Chapter Text
On the first day of summer, Quackity breaks his toe on a refrigerator door.
It’s a string of one thing after another that morning. He doesn’t unlock the door until 5:02, which he put off a couple extra minutes because someone was already waiting outside and he felt petty enough to make them stand out in the dark a little longer. The phone rings inside, but Quackity fucking hates answering the phone, so he ignores it and pretends they’re still closed so he doesn’t have to pick it up. Instead, he focuses on getting the door open and acts like he’s just seen the regular outside for the first time.
When he pushes open the door, a weird noise plays. Something like a melodic series of notes, except that halfway through, the notes get possessed and start screaming instead. Q winces and looks up at the electronic chime above the door.

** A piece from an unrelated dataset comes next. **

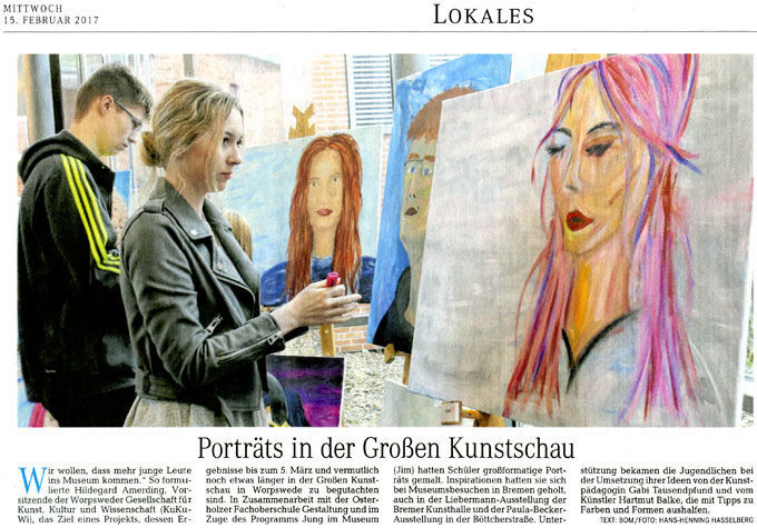 Wir wollen, dass mehr junge Leute ins Museum kommen.“ So formulierte Hildegard Amerding, Vorsitzende der Worpsweder Gesellschaft für Kunst, Kultur und Wissenschaft (KuKuWi), das Ziel eines Projekts, dessen Ergebnisse bis zum 5. März und vermutlich noch etwas länger in der Großen Kunstschau in Worpswede zu begutachten sind. In Zusammenarbeit mit der Osterholzer Fachoberschule Gestaltung und im Zuge des Programms Jung im Museum (Jim) hatten Schüler großformatige Porträts gemalt. Inspirationen hatten sie sich bei Museumsbesuchen in Bremen geholt, auch in der Liebermann-Ausstellung der Bremer Kunsthalle und der Paula-Becker-Ausstellung in der Böttcherstraße. Unterstützung bekamen die Jugendlichen bei der Umsetzung ihrer Ideen von der Kunstpädagogin Gabi Tausendpfund und vom Künstler Hartmut Balke, die mit Tipps zu Farben und Formen aushalfen.

“Well, that’s not good.” His voice comes out still groggy with sleep. He flicks on another lightswitch he’d missed earlier. Whoops. “Morning, Vikk. Usual?”
“Mornin’,” the guy says. He’s already getting his self-serve coffee from the machines across the counter, all set to an automatic timer, which is good because Quackity will never be paid enough to get here early enough to have them turned on and brewing before unlocking the door. Quackity rings up the coffee, a pack of Marlboro’s from behind the register, and puts ten on pump two. Morning routine, step one.
The phone rings again. Quackity bothers to answer it the next time, in between the arrival of a small rush of customers and the eerie cries of a dying doorbell.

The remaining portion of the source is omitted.